I znowu ten most nad przepaścią...
- Pisz. Dobrze to robisz, pisz. Obiecaj, że będziesz pisać - te słowa padły z ust Pani M. z Polskiego Radia Studia i Reportażu.
Te słowa odbijają się echem w mojej głowie. Próbują się przebić na powierzchnię popękanego lustra zwyczajności, tak kruchego, że każdy odłamek boli jakby bardziej.
Te słowa łagodzą pęknięcia, niwelują ból, zdejmują mgłę osamotnienia.
Chyba ich potrzebowałam.
Zgodziłam się opowiedzieć o mojej walce z chorobą dla dokumentu Pani M. z Polskiego Radia.

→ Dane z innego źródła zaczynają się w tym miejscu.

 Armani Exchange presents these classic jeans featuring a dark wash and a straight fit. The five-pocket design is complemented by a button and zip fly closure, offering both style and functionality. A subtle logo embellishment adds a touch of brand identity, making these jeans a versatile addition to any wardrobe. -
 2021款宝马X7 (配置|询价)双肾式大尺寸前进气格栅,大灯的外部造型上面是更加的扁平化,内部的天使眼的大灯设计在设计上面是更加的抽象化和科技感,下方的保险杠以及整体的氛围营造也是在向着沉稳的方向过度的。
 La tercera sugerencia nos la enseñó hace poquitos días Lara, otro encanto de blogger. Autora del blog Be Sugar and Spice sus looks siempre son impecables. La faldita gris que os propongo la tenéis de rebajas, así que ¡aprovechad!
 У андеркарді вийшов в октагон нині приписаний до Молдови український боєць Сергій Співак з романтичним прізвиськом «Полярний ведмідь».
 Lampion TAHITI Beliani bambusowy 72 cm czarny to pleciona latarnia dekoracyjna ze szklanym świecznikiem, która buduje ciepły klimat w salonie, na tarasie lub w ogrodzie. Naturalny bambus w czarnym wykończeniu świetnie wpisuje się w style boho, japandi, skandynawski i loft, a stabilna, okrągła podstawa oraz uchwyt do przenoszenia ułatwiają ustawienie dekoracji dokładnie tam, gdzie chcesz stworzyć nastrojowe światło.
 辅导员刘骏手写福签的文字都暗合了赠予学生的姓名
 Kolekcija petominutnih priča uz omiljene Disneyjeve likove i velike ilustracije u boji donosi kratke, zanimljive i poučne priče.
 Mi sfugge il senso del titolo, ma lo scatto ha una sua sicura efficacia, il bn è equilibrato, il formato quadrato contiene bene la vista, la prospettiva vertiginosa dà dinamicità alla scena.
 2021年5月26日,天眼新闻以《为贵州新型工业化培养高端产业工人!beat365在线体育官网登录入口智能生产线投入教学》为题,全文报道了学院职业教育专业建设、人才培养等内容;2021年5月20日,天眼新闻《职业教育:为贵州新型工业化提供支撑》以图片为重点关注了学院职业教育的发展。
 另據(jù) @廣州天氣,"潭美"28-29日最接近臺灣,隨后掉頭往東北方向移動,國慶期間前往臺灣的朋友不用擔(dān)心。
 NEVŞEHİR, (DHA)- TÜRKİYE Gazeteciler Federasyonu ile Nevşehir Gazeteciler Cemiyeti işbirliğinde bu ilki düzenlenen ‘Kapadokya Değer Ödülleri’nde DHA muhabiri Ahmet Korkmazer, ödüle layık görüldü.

Na razie celowo nie podaję pełnych danych Dziennikarki ze względu na to, że czekam aż na dobre rozwinie się nasza współpraca nad moją historią.
Nie chcę też byście pomyśleli, że się chwalę bo to nie takie proste opowiedzieć o swojej chorobie psychicznej. Jednak chcę to zrobić by złamać stereotypy myśleniowe na temat takich ludzi jak ja.
Nie wiem czy jestem tego warta, ale spróbuję.
Niedawno postanowiłam, dzięki współpracy z Radiem eMKa, że będę tworzyła filmy i wywiady z ludźmi, którzy również nie mają łatwego życia z powodu choroby.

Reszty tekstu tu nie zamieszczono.